▸ **TASK DESCRIPTION**: Word for word, please restate each record and pass over the pictures.

'''

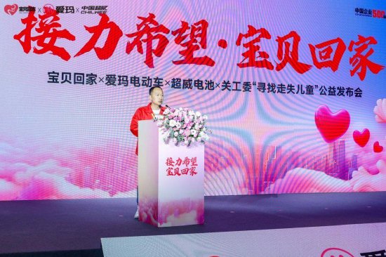 超威集团联合宝贝回家、爱玛电动车、长兴关工委发起的[接力希望•宝贝回家 ——宝贝回家×爱玛电动车×超威电池“寻找走失儿童”]的公益爱心活动 ,面向全国发动将3000多位超威代理商、上万家爱玛电动车门店、300000家终端维修店合作网点,通过每年销往全国的上亿只电池一起关注和寻找走失儿童。每一只深入到全国的大街小巷、遍布及大小乡村的超威电池上,都贴有寻找走失儿童的信息。每多卖出一只电池,就多一份找回走失儿童的希望。
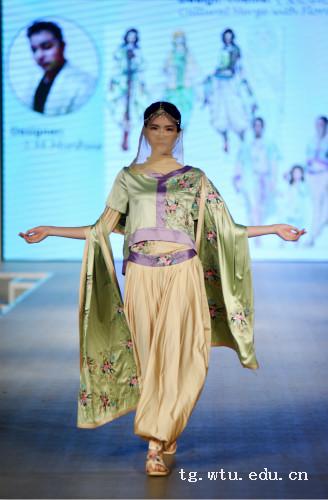 5月31日,2016届永利官网服装设计艺术硕士研究生毕业设计作品展暨首届服装设计专业职工(硕士)毕业设计作品展在南湖校区表演厅拉开帷幕,国际合作发展处相关领导及公司领导、研究生导师们出席了本次作品展。本次作品展上,共65位设计师超过250套优秀设计作品惊艳亮相,其中来自孟加拉国、日本、俄罗斯、巴基斯坦四个国家的13位职工设计师携带52件异域风情的作品演绎一场别开生面的时装秀。
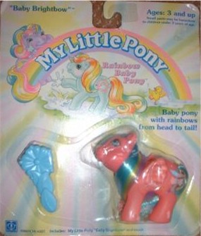 Baby Brightbow / Baby Buntlicht hat Flügel, ist pink und hat grün-gelb-lila Haare. Ihr Symbol ist ein senkrechter Regenbogen umrundet von Sternen.
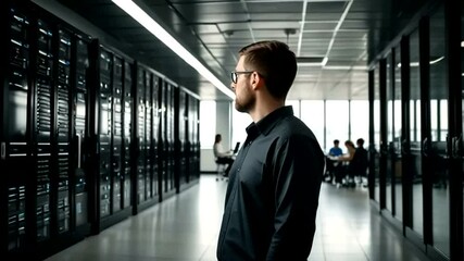 Digital Network Connectivity Inside Modern Server Room Videos
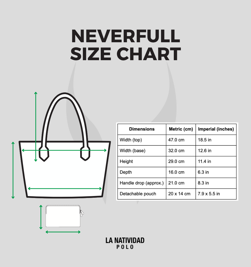A timeless everyday essential. Inspired by iconic silhouettes like the Goyard Saint Louis and the LV Neverfull, our La Natividad tote features an all-over dark green monogram and contrasting La Nati green logos. Comes with a detachable inner pouch for extra practicality and style — whether you're at the stables or in the city.
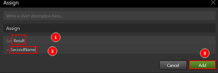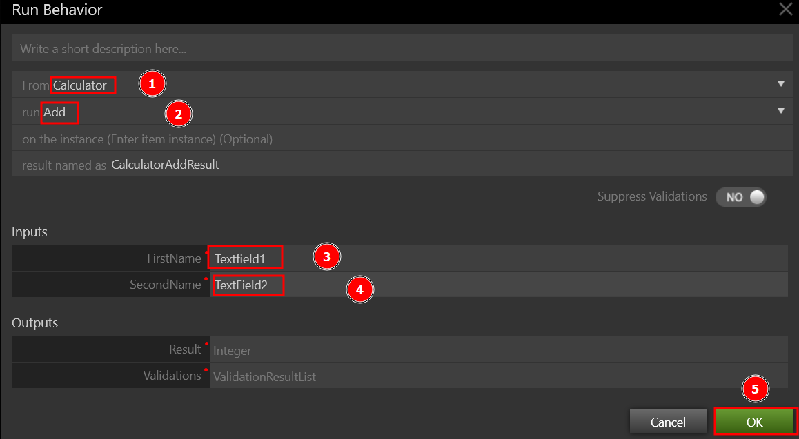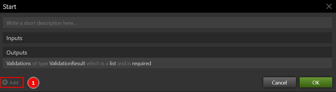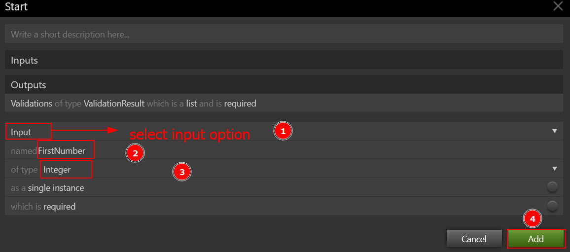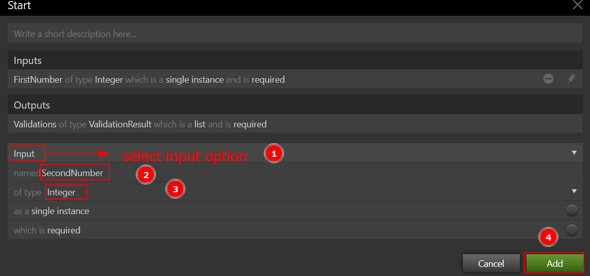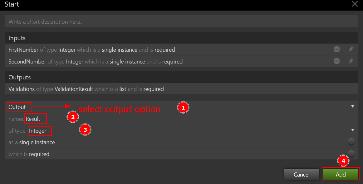 The Inputs and Outputs are set using the Start shape. The user can add one variable, either Input or Output, by clicking the Add link. Variables can be declared as Input/Output in various instances. This simply means that, despite being received as an Input, the variable is returned as an Output. Select Enter Behavior Name and type Add as the behavior's name. The following box appears when you double-click on the Start shape.
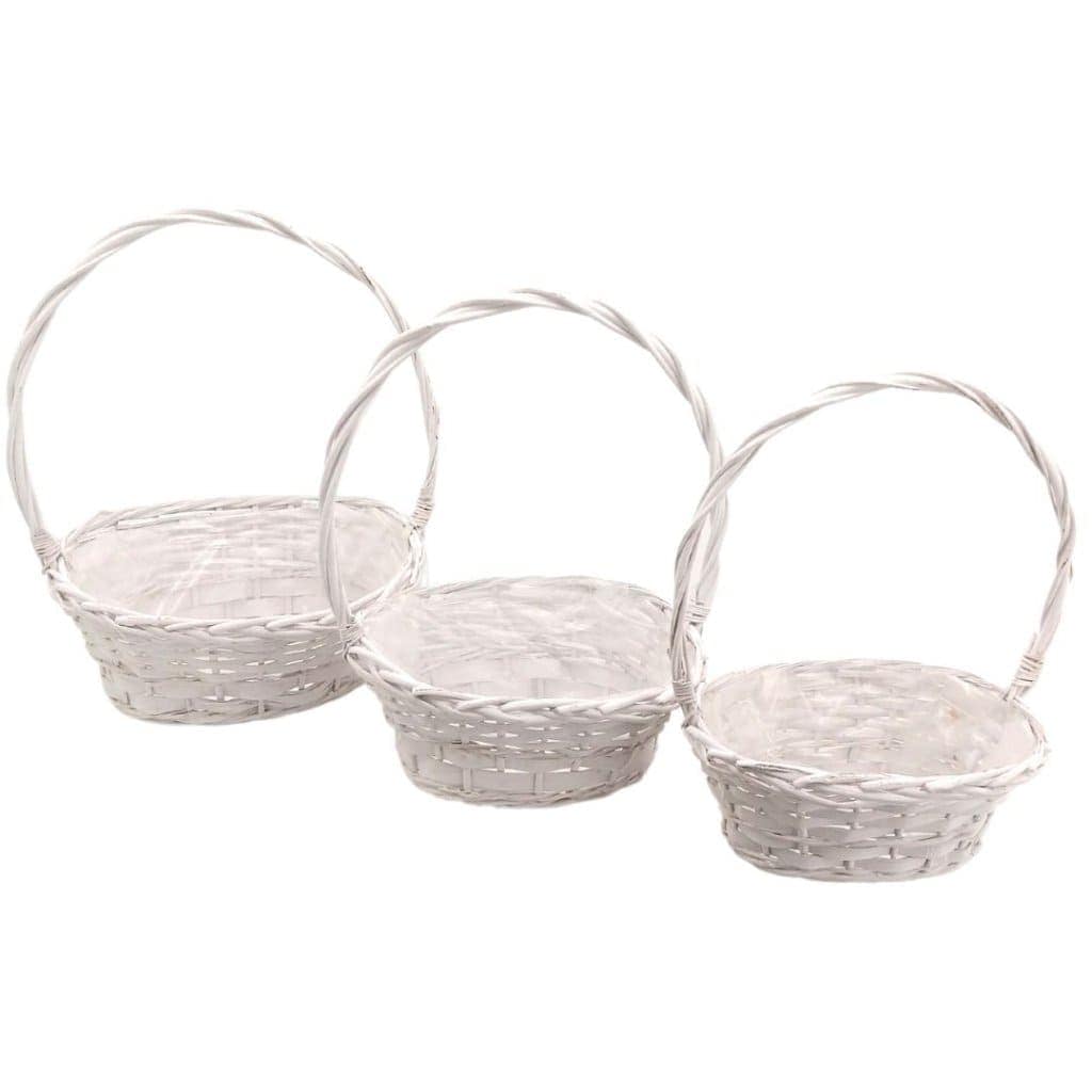 Serie 3 ceste vimini ovali manico alto intrecciato misure 25-30-36 cm
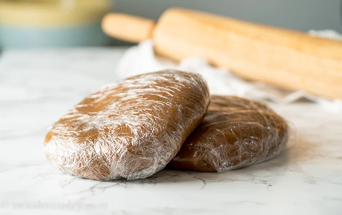 Κόβουμε τη ζύμη σε 2 κομμάτια, τα τυλίγουμε σε πλαστική μεμβράνη και τα βάζουμε στο ψυγείο για 1-2 ώρες.
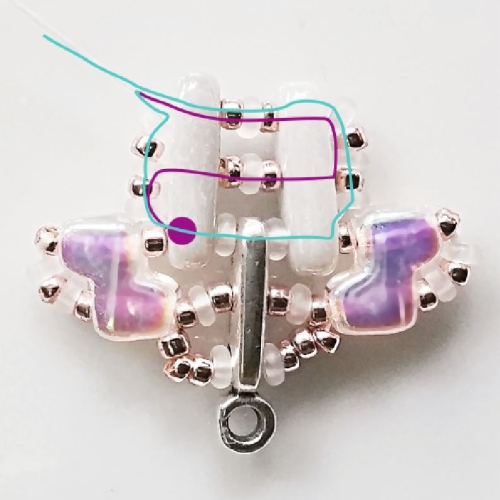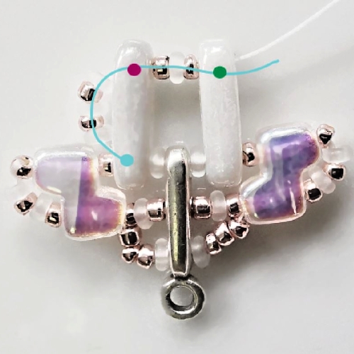 Fialová značka značí odkud vychází nit z předchozího kroku. Prošijte TOR + R15 + TOR z kroku 7 (podle fialové linky) a naberte R15 + TOR + R15, prošijte nit podle tyrkysové linky.
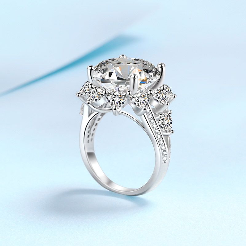 925 Sterling Silver Ring 10 Carats Moissanite Luxury Plated Pt950 14mm Zircon No20
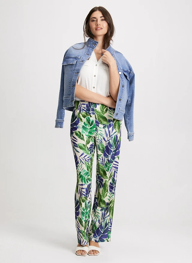 Haut à motif feuilles et jean à enfiler
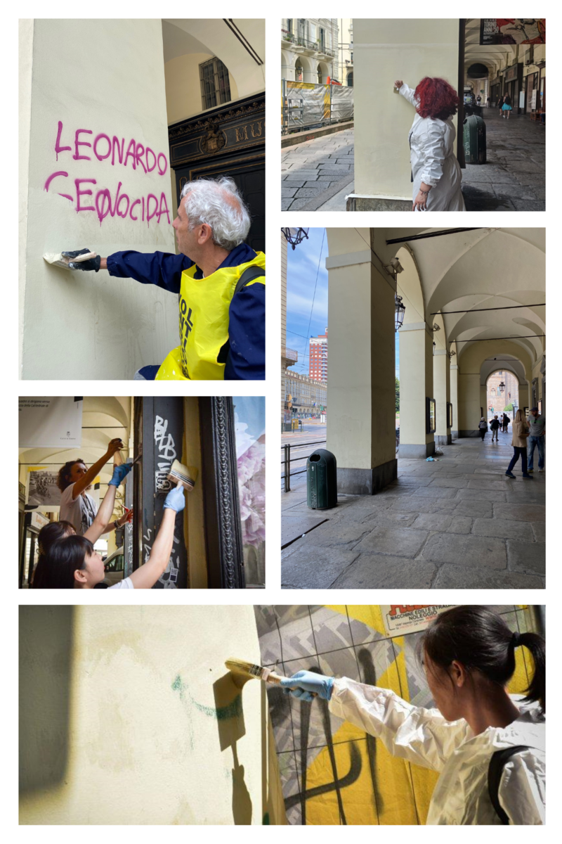 Commercianti, residenti di via Po, volontari e Consiglieri della Circoscrizione 1, con la consulenza tecnica della Fondazione Contrada Onlus, lunedì 17 giugno hanno ripulito i pilastri più sporchi della via.
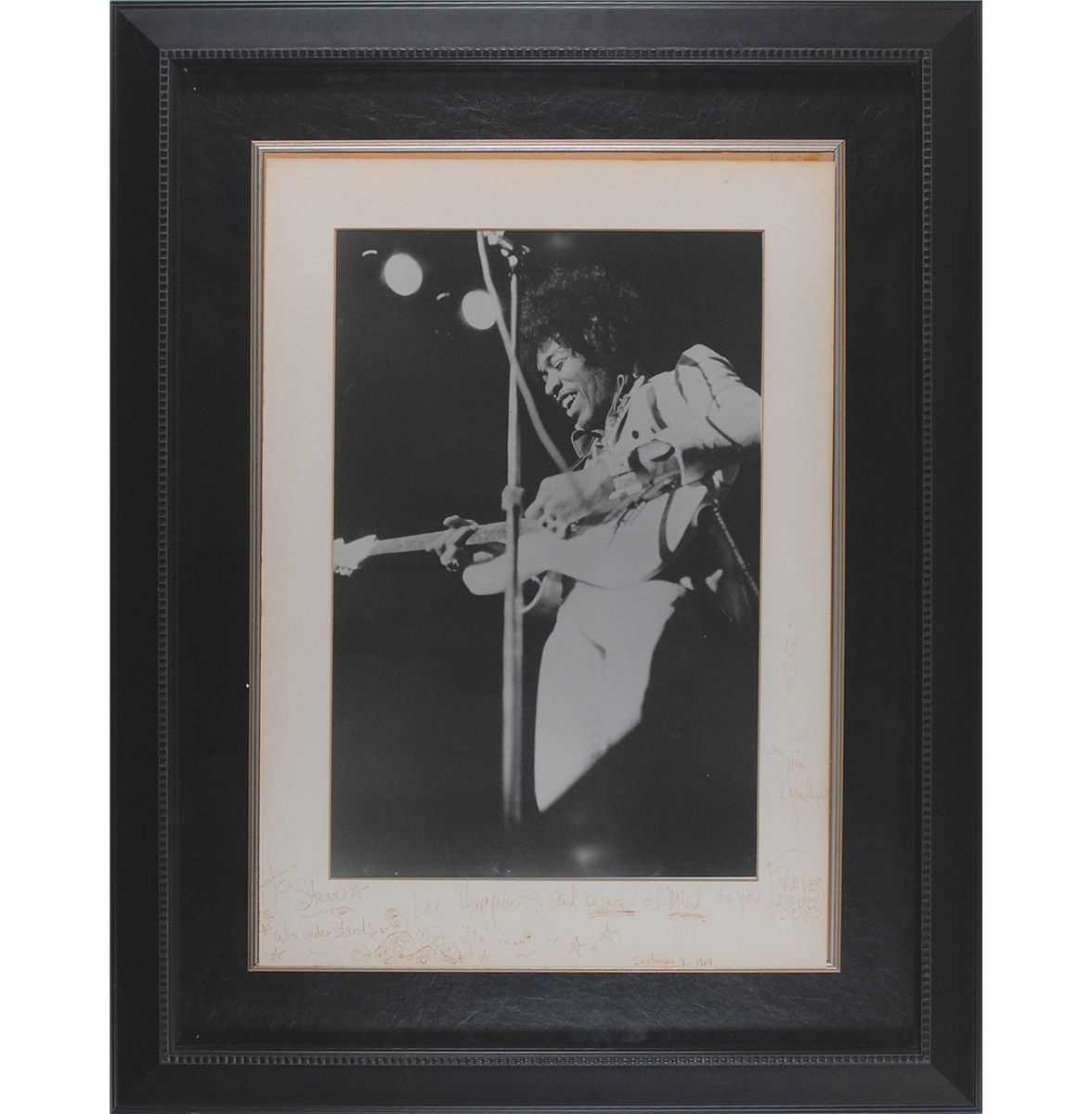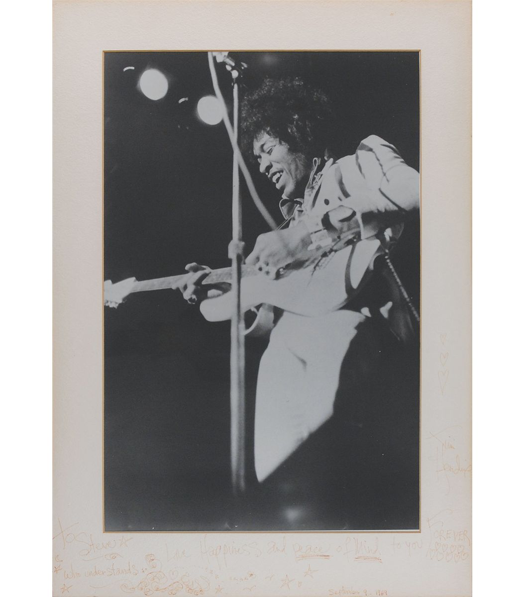 Vintage glossy 11.75 x 18 photo of Hendrix performing on stage and matted to a size of 15.5 x 22, signed and inscribed on the mat in brown felt tip “To Steve, who understands…Love Happiness and peace of Mind to you forever, Jimi Hendrix, September 9, 1969,” with Hendrix adding doodles of stars, hearts, a bumblebee, a moon, and some scrollwork along the bottom. Framed to an overall size of 24.25 x 31.25. In fine condition, with all of Hendrix’s writing and doodles uniformly lightly faded, but all still completely legible. The photo was originally presented to famed management attorney Stevens ‘Steve’ Weiss and originates from his archives. Weiss would begin his relationship with Hendrix on a strictly business level, however their relationship would evolve into a close friendship. Any signed images of Hendrix are rare and highly desirable, this oversized photo even more so due to Hendrix’s spontaneous artwork and the importance of the photo’s recipient.
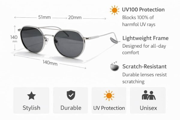Polarized square sunglasses designed to reduce glare and protect eyes from sunlight. Stylish design suitable for everyday outdoor activities.
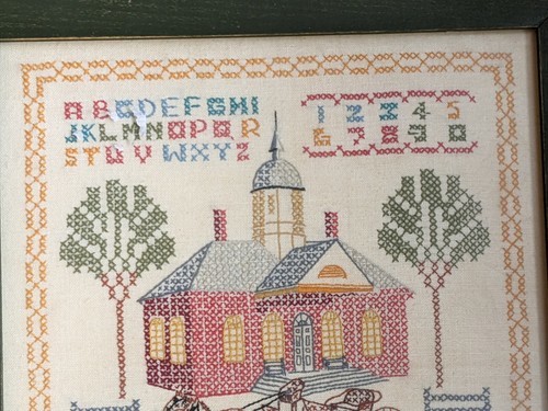1971 Colonial Williamsburg VA Escarpin Maison Sampler Point de Croix Encadré
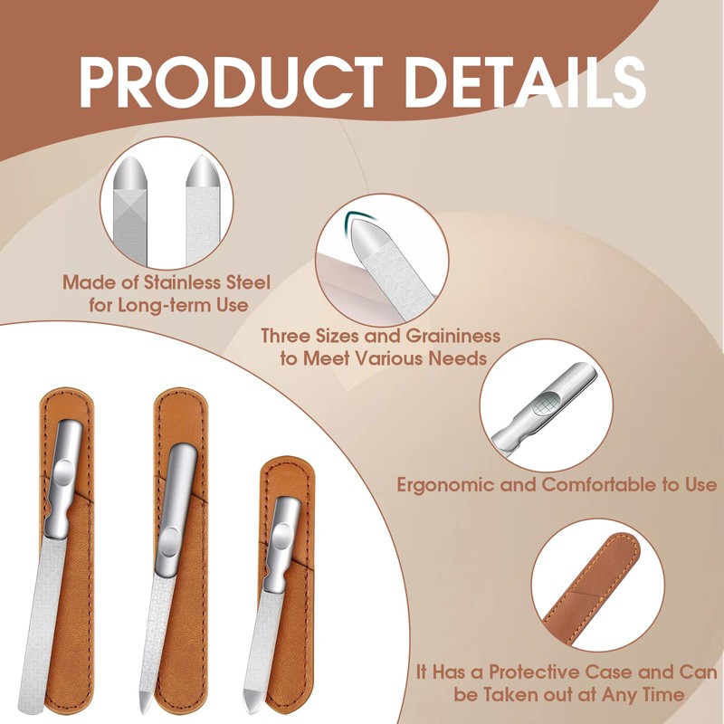 - Das Nagelfeilen Set ist die ideale Wahl für diejenigen, die eine effektive und zuverlässige Lösung für ihre Nagelpflege suchen. Mit 3 Edelstahl Nagelfeilen, die speziell für Naturnägel, Fußnägel und Acrylnägel entwickelt wurden, können Sie Ihre Nägel präzise feilen und die perfekte Form erreichen.
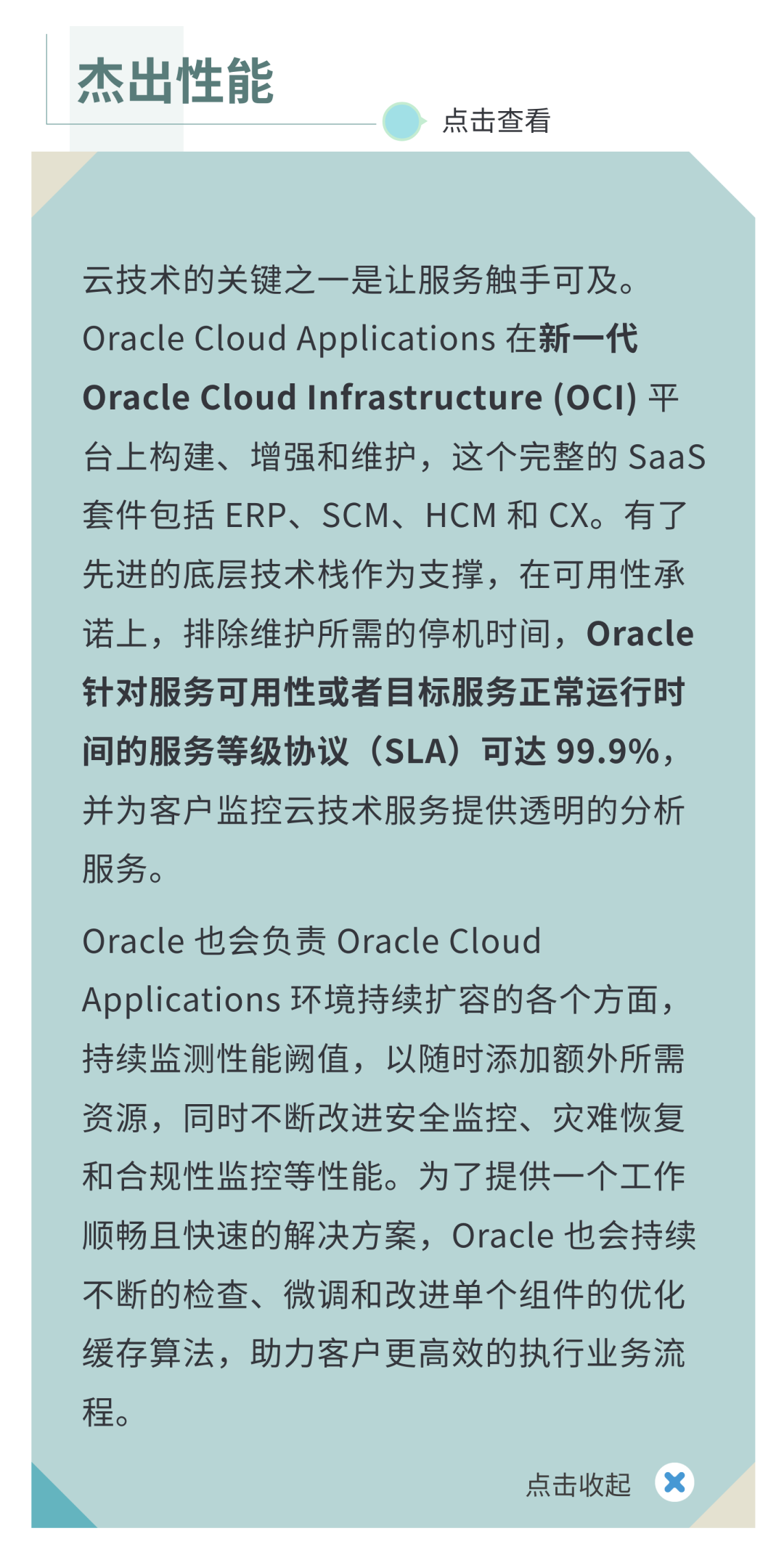 Oracle Cloud Applications 致力在可用性承诺、先进技术、自动化管理以及持续创新等方面为客户提供优质的服务,让客户能顺利上云,并成功实现业务价值。下面我们就来了解 Oracle Cloud Applications 有哪些服务优势。

'''

▸ **SOLUTION FOR THIS PROBLEM**:
 超威集团联合宝贝回家、爱玛电动车、长兴关工委发起的[接力希望•宝贝回家 ——宝贝回家×爱玛电动车×超威电池“寻找走失儿童”]的公益爱心活动 ,面向全国发动将3000多位超威代理商、上万家爱玛电动车门店、300000家终端维修店合作网点,通过每年销往全国的上亿只电池一起关注和寻找走失儿童。每一只深入到全国的大街小巷、遍布及大小乡村的超威电池上,都贴有寻找走失儿童的信息。每多卖出一只电池,就多一份找回走失儿童的希望。
 5月31日,2016届永利官网服装设计艺术硕士研究生毕业设计作品展暨首届服装设计专业职工(硕士)毕业设计作品展在南湖校区表演厅拉开帷幕,国际合作发展处相关领导及公司领导、研究生导师们出席了本次作品展。本次作品展上,共65位设计师超过250套优秀设计作品惊艳亮相,其中来自孟加拉国、日本、俄罗斯、巴基斯坦四个国家的13位职工设计师携带52件异域风情的作品演绎一场别开生面的时装秀。
 Baby Brightbow / Baby Buntlicht hat Flügel, ist pink und hat grün-gelb-lila Haare. Ihr Symbol ist ein senkrechter Regenbogen umrundet von Sternen.
 Digital Network Connectivity Inside Modern Server Room Videos
A timeless everyday essential. Inspired by iconic silhouettes like the Goyard Saint Louis and the LV Neverfull, our La Natividad tote features an all-over dark green monogram and contrasting La Nati green logos. Comes with a detachable inner pouch for extra practicality and style — whether you're at the stables or in the city.
 The Inputs and Outputs are set using the Start shape. The user can add one variable, either Input or Output, by clicking the Add link. Variables can be declared as Input/Output in various instances. This simply means that, despite being received as an Input, the variable is returned as an Output. Select Enter Behavior Name and type Add as the behavior's name. The following box appears when you double-click on the Start shape.
 Serie 3 ceste vimini ovali manico alto intrecciato misure 25-30-36 cm
 Κόβουμε τη ζύμη σε 2 κομμάτια, τα τυλίγουμε σε πλαστική μεμβράνη και τα βάζουμε στο ψυγείο για 1-2 ώρες.
 Fialová značka značí odkud vychází nit z předchozího kroku. Prošijte TOR + R15 + TOR z kroku 7 (podle fialové linky) a naberte R15 + TOR + R15, prošijte nit podle tyrkysové linky.
 925 Sterling Silver Ring 10 Carats Moissanite Luxury Plated Pt950 14mm Zircon No20
 Haut à motif feuilles et jean à enfiler
 Commercianti, residenti di via Po, volontari e Consiglieri della Circoscrizione 1, con la consulenza tecnica della Fondazione Contrada Onlus, lunedì 17 giugno hanno ripulito i pilastri più sporchi della via.
 Vintage glossy 11.75 x 18 photo of Hendrix performing on stage and matted to a size of 15.5 x 22, signed and inscribed on the mat in brown felt tip “To Steve, who understands…Love Happiness and peace of Mind to you forever, Jimi Hendrix, September 9, 1969,” with Hendrix adding doodles of stars, hearts, a bumblebee, a moon, and some scrollwork along the bottom. Framed to an overall size of 24.25 x 31.25. In fine condition, with all of Hendrix’s writing and doodles uniformly lightly faded, but all still completely legible. The photo was originally presented to famed management attorney Stevens ‘Steve’ Weiss and originates from his archives. Weiss would begin his relationship with Hendrix on a strictly business level, however their relationship would evolve into a close friendship. Any signed images of Hendrix are rare and highly desirable, this oversized photo even more so due to Hendrix’s spontaneous artwork and the importance of the photo’s recipient.
Polarized square sunglasses designed to reduce glare and protect eyes from sunlight. Stylish design suitable for everyday outdoor activities.
1971 Colonial Williamsburg VA Escarpin Maison Sampler Point de Croix Encadré
 - Das Nagelfeilen Set ist die ideale Wahl für diejenigen, die eine effektive und zuverlässige Lösung für ihre Nagelpflege suchen. Mit 3 Edelstahl Nagelfeilen, die speziell für Naturnägel, Fußnägel und Acrylnägel entwickelt wurden, können Sie Ihre Nägel präzise feilen und die perfekte Form erreichen.
 Oracle Cloud Applications 致力在可用性承诺、先进技术、自动化管理以及持续创新等方面为客户提供优质的服务,让客户能顺利上云,并成功实现业务价值。下面我们就来了解 Oracle Cloud Applications 有哪些服务优势。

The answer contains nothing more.